At first I make very quick, very rough sketches – tiny little things about the size of postage stamps, three by four inches or so. Then I develop them, getting more conscious of the design, of the formal elements, and becoming more specific.
Excerpt from artist statement in Christopher Pratt exhibition publication, organized by Memorial University Art Gallery, 1970.
Christopher Pratt is one of Canada's most respected painters and printmakers.
He was born in 1935 at St. John's, Newfoundland, but spent many boyhood summers in the Bay Roberts area.
Pratt began to paint watercolours in 1952, and the following year won the provincial government's Arts and Letters Competition for Shed in a Storm. Despite this early recognition, Pratt did not immediately set out to become a professional artist. In the fall of 1952, he enrolled in Memorial University's pre-engineering program. Although he only remained there for a year, the training he received in surveying, drawing, and precise measuring would influence his future artwork.
In 1953, Pratt moved to New Brunswick to study pre-medicine at Mount Allison University, but soon became interested in the institution's highly renowned Fine Arts Department. Pratt showed some of his paintings to the art instructors Alex Colville and Lawren P. Harris, who encouraged him to develop his talent. He abandoned his medical studies and in 1957 moved to Scotland to study at the Glasgow School of Art. Pratt was accompanied by his new wife, the artist Mary (West) Pratt. The two were studying at Mount Allison University when they met.
In 1959, the Pratts returned to Mount Allison. They both graduated with Bachelor of Fine Arts degrees in 1961 and then moved to Newfoundland, where Christopher accepted the position of curator at the newly opened Memorial University Art Gallery in St. John's (now The Rooms Provincial Art Gallery).
He resigned in 1963 to work on his art fulltime and moved to the community of Salmonier in St. Mary's Bay. Pratt's work received early acclaim and his first solo exhibition was at the Memorial University Art Gallery in 1965. That same year, he became an Associate of the Royal Canadian Academy of Arts and a member of the Canadian Society of Graphic Art.
Pratt has become one of the most successful and respected artists in Canada. His art has been extensively exhibited nationally and internationally and collected by prominent galleries. He has been the subject of several major publications, including Christopher Pratt (1982), Christopher Pratt: A Retrospective (1985), The Prints of Christopher Pratt: 1958-1991 (1991), Christopher Pratt: Personal Reflections on a Life in Art (1995), and Christopher Pratt: Six Decades (2013).

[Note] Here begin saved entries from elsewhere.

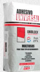
UNIVERSAL BLANCO 20KG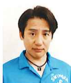
体操 五輪銀 池谷 幸雄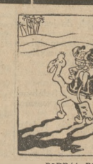
PODRÓŻ POSŁUŻNA PRZEZ SAHARĘ. Spowitem.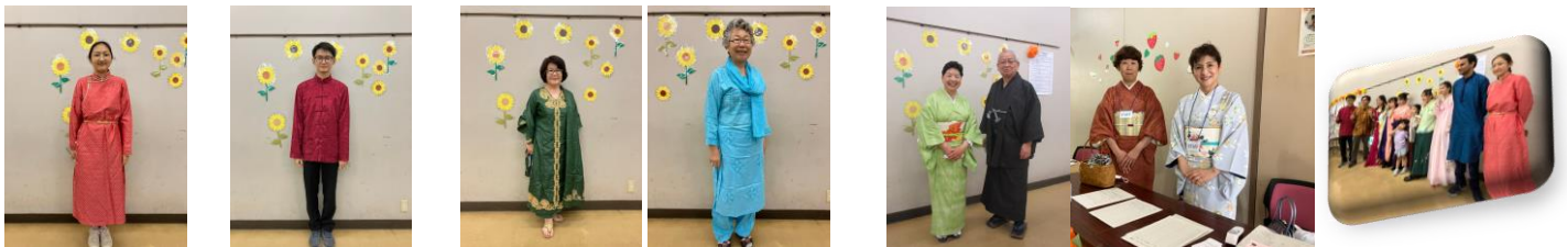
モンゴル マレーシア パキスタン 日本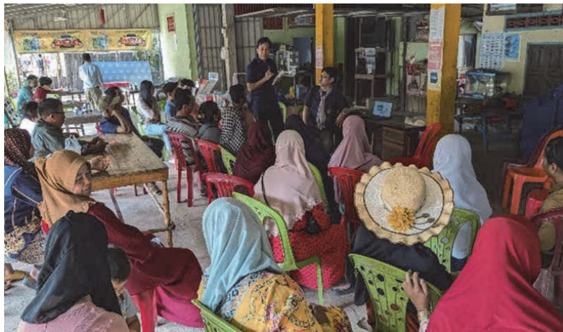
図10 Phone Thmey CFi での説明会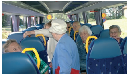
Damerna sitter gärna långt fram i bussen medan herrarna tydligen föredrar att sitta längre bak.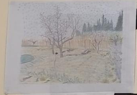
Δενδρόκηπος με ανθισμένες ροδακινιές 1888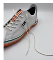
撥水加工されたシューレース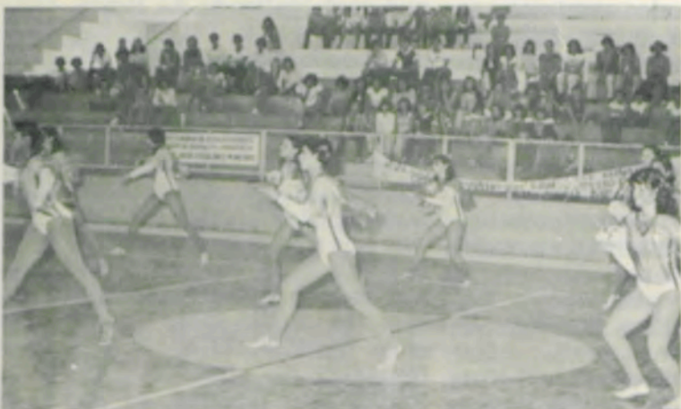
A ginástica rítmica foi uma das atrações do encerramento dos Jogos.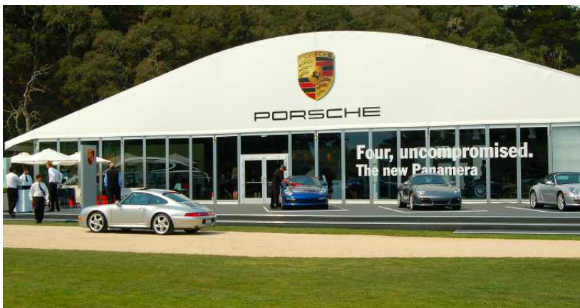
Puissance quatre : le chapiteau de présentation de la quatrième gamme Porsche à quatre portes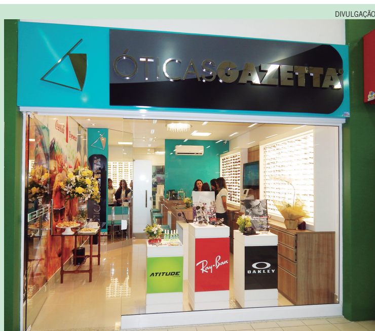
A nova Óticas Gazetta do supermercado Enxuto funciona de segunda a sexta-feira, das 9h às 21h e aos sábados das 9h às 17h

ta-feira das 8h30 às 18h e aos sábados das 8h30 às 14h. A filial localizada no hipermercado Covabra, fica na Av. Campinas, 50 e atende também pelo telefone (19) 3443-3894. O horário de funcionamento é de segunda a sexta-feira das 9h às 21h e aos sábados das 9h às 17h. A mais recente unidade se encontra no supermercado Enxuto e funciona também de segunda a sexta-feira das 9h às 21h e aos sábados das 9h às 17h. Entre em contato pelo telefone (19) 3443-8896. “Venha conferir a qualidade que a Óticas Gazetta oferece à todos os clientes”, convidam as sócias.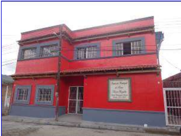
Fachada principal del Gimnasio de Boxeo en Somoto, con el proyecto ya finalizado.

Esta siendo ejecutado por el Contratista Tomás Robleto Lira, por un monto de C$ 3,264,263.71, se realizó adendum N° 1 al contrato por un monto de C$ 639,401.54, para un monsto total de C$ 3,903,665.25. El plazo de ejecución del proyecto es de 98 días calendario, se concedio ampliación de plazo de 30 días, para un total de 128 días calendario.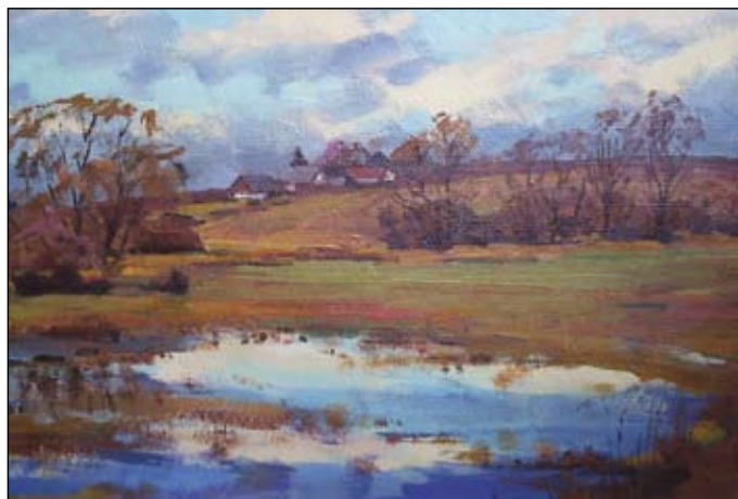
Předjaří na Milovech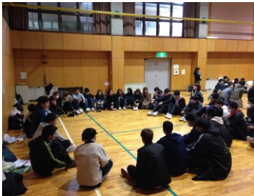
自己発見とキャリア開発Aの様子

そこでK05クラスでは、前期で学んだコミュニケーション力等を実習し、さらには、よりリアルに「夢の種」を思い描くべく、I-Iグランプリへの出場を決めた。つまり、本企画の目的は、チーム・ビルディングが試され、なおかつ、企業人と直接、対峙するI-Iグランプリを通じて、初年次教育の教育成果を確かなものとするのであった。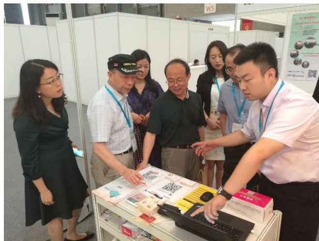
老龄办及民政部中民养老规划院领导 莅临中国养老网展台指导工作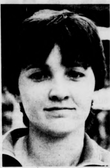
utána érdeklődő szövetségi vezetőknél.

1981-ben állandósította helyét az NB I-ben szereplő DMVSC együttesében. A legutóbbi bajnokságban már 102 góllal csapata második legeredményesebb játékosa lett. Edzője is elégedett volt vele, sőt jó véleményét mondott hozzáállításáról, játékáról az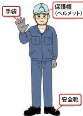
作業者に身につけてほしい望ましい装備例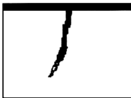
б) нанесение пенетранта

Очистка может осуществляться: промывкой и протиркой с применением воды, моющих составов и легколетучих жидких растворителей; струей абразивного материала; механической обработкой поверхности (шлифование, полирование, шабровка, зачистка щеткой и т.д.).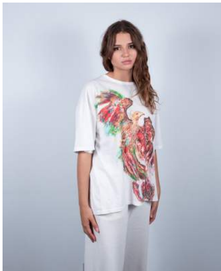
Louna mesure 1,78 m - Taille S Louna is 1,78 m tall - Size S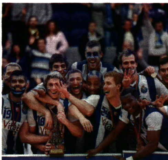
Os dragões receberam o troféu de campeões nacionais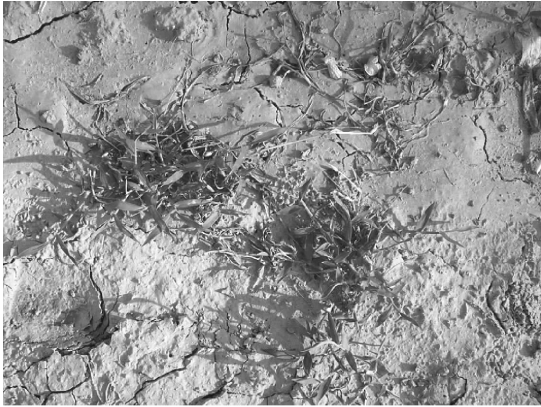
(a) 杂草原始图像 (a) Original weed image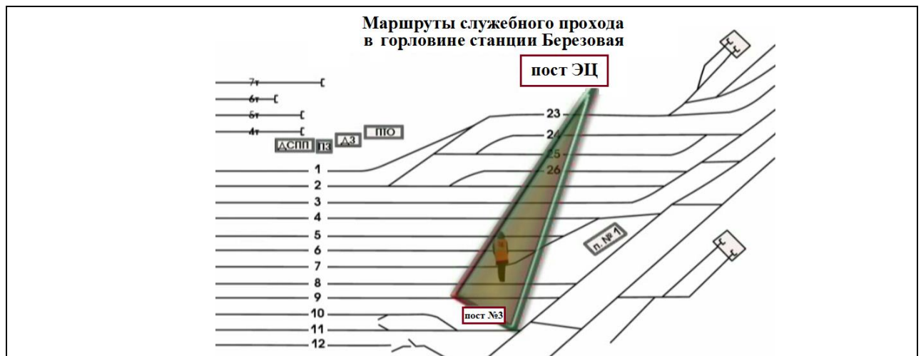
Рис.3 Визуальный контроль во время работы маневрового диспетчера

После закрепления тормозными башмаками поезда №3003 по 5С пути, вернувшись на пост №3, сигнальником об этом было доложено ДСП.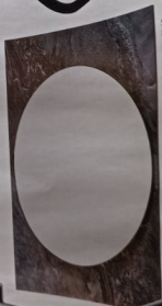
A destra, specchio Fideko, in legno curvato e lamina di metallo stampata, VISIONNAIRE.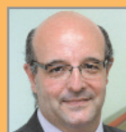
Ferran Liesa Esports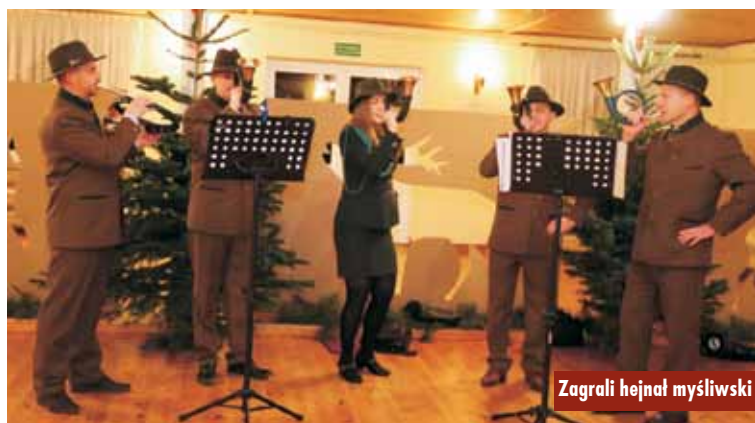
Zagrali hejnał myśliwski

Pożar przy hali produkcyjno-magazynowej w Ostrówc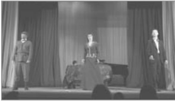
Bíbí í Gatchina. Þrísöngur um ástir og þrár.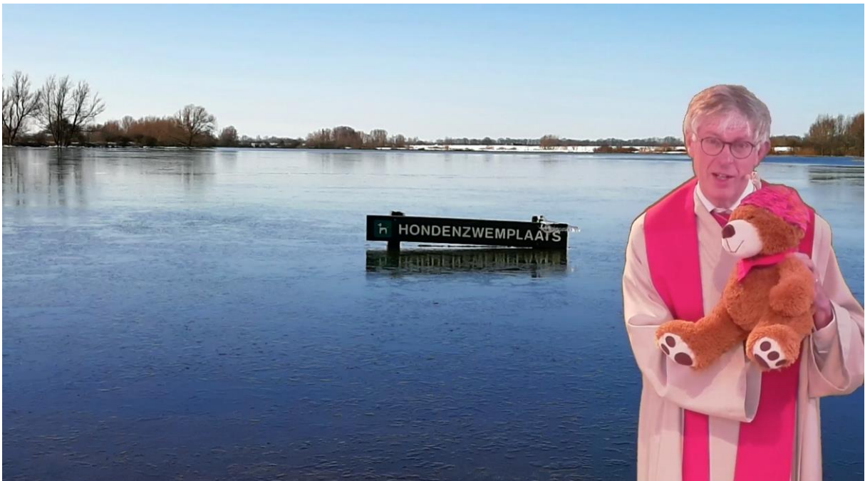
Met dominee beer bij de hondenzwemplaats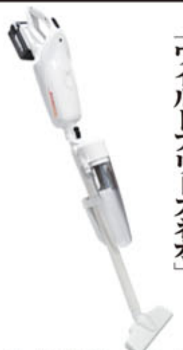
ワイルドブリーズネオ 定価：42,000円(税別) ※3月中旬発売予定

特長①紙パック+サイクロンユニットを標準装備で目詰まりを防ぎ吸引力を持続します。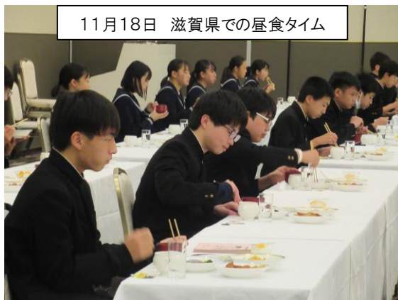
11月18日 滋賀県での昼食タイム

11月18日(木)～20日(土)の3日間、好天の中、滋賀県と三重県に出かけ、充実した思い出の修学旅行を体験しました。1年生から身につけてきたことがいかされ、いろいろな力を発揮できた3日間だったと思います。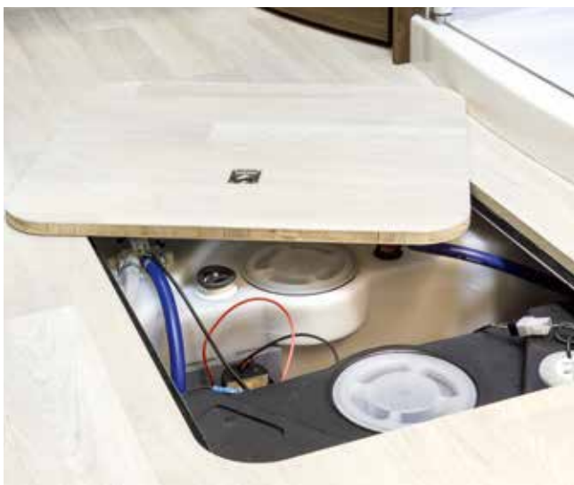
Doorlopende verwarmde dubbele FRANKIA bodem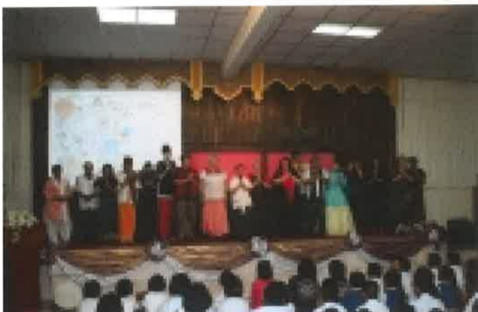
ม.ทักษิณจัดงานเทศกาลเสานานาชาติ ในประเทศไทย ครั้งที่ 5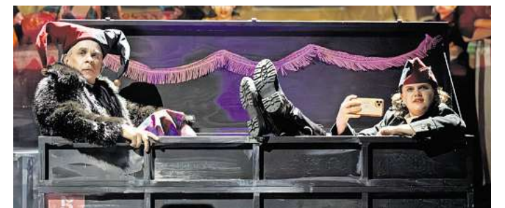
Das Theater für Niedersachsen verspricht mit „Till Eulenspiegel“ ein kritisches und intensives Theatererlebnis voller Witz und Schabernack.

Als unsterbliches Duo mit seiner treuen Begleiterin Ule reist Till durchs Land und durch die Zeit. Vom späten Mittelalter über die Bauernkriege hin zur Weimarer Klassik und in die Gegenwart mischen sich die beiden in historische Ereignisse ein. Auf dem wilden Ritt durch die Epochen verschmelzen Realität und Fantasie – mal seiltanzend übermütig, mal derb und dreist. Voller Spielfreude und ohne Hemmungen wechseln die Schauspielerinnen und Schauspieler mehrfach ihre Rollen, denn Till und Ule haben viele Gesichter und wissen ihr Publikum zu unterhalten. Immer mit dabei ist Muli, der live auf der Bühne Soundcol-

In 1973, he was named an Officer of the Order of Canada and was elevated to the level of Companion in 1983. He has received honorary degrees from Memorial University (1972), Mount Allison University (1972) and Dalhousie University (1986); and was made an Honorary Fellow of the Ontario College of Art (1990). In 1980, he designed the provincial flag of Newfoundland and Labrador.
A strong sense of place permeates Pratt's art, and he explores many themes: Newfoundland's physical landscape and distinctive architecture, the ocean, boats, interior spaces, socio-political realities affecting the province, and the human figure. He works primarily with oil paints, watercolours, lithography, and silkscreen, but occasionally uses other media, such as woodcut and collage.
Pratt's work is part of many private and public collections including The Rooms Provincial Art Gallery's Permanent Collection, the National Gallery of Canada, Mount Allison University, the Art Gallery of Ontario, the Canada Council Art Bank, and the Vancouver Art Gallery.
He continues to work from his home in St. Mary's Bay.